Senior Katie Schluntz worked in the Tsinghua University lab of Associate Professor Jing Cao to develop a computer model that reflected household electricity demand, including variables such as the number of appliances in a household, the appliances’ ages, and local weather data to estimate heating and cooling needs.
“A lot of policy is not just on the supply side, but on the demand side, so it’s really important to be able to understand how households are consuming this energy and how responsive they are to things like changes in the weather, especially now with climate change,” said Schluntz, a Quincy House economics concentrator.

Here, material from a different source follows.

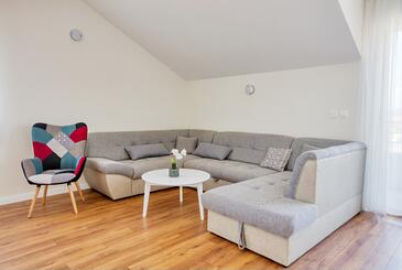 Az Apartman 8 főt tud fogadni. Az ágyak a/az 3 hálószobában, és a nappaliban/ben vannak, melynek méretei 118m2. A forró nyári estéket a vendégek saját teraszukon élvezhetik. Az apartmanból tengerre néző kilátás nyílik. A közös barbecue-helyet a vendég szabadon használhatja. A vendégek itt tartózkodásuk ideje alatt használhatják a közös medencét. A lefoglalt szállásegység vendégeinek az érkezés napján a helyszínen letétet kell fizetniük (az összeg a honlapon fel van tüntetve).

Schluntz, who speaks Mandarin, began by translating 30 pages of survey data into English so she could better understand it. During the week, she worked side by side with Jing’s doctoral students, and on weekends got out and saw China. She visited Qufu, Confucius’ hometown, and climbed nearby Tai Mountain on a hike that started at midnight — and included hundreds of other visitors — in order to reach the summit by dawn.
“We hiked the whole time surrounded by a sea of people,” Schluntz said.
Andrei Iliescu, a junior chemistry concentrator from Adams House, worked in the lab of Tsinghua University Associate Professor Deyi Hou, who investigates soil and water pollution with an eye toward remediation. The project involved arsenic contamination of groundwater that feeds residential wells.
Much of the contamination, Iliescu said, stems from natural geological factors common in various parts of the country, though some is because of industrial pollution. Iliescu conducted a literature search to compile a review article on arsenic contamination and strategies to fight it. He also traveled to a rural village with other students in Hou’s lab to build residential arsenic filters. Outside the lab, Iliescu visited the Great Wall and traveled to Shanghai.
“I really enjoyed what I was doing and the [broader] experience there,” Iliescu said.
Drew Pendergrass, a junior physics and math concentrator, worked in the lab of Assistant Professor Amos Tai at the Chinese University of Hong Kong on a project to understand how the severity of ozone pollution changes with different atmospheric variables.
Pendergrass was the only Harvard intern not in Beijing, and lived with other international students in a dormitory at the Chinese University of Hong Kong. Outside the lab, the highlights included meeting with officials of the Hong Kong environmental protection office and a side trip to Thailand.
Pendergrass said the experience gave him a taste of the complexity of environmental problems — and of the math that might be used to help solve them.
“It’s encouraging there’s so much interesting work to be done to figure this out,” Pendergrass said.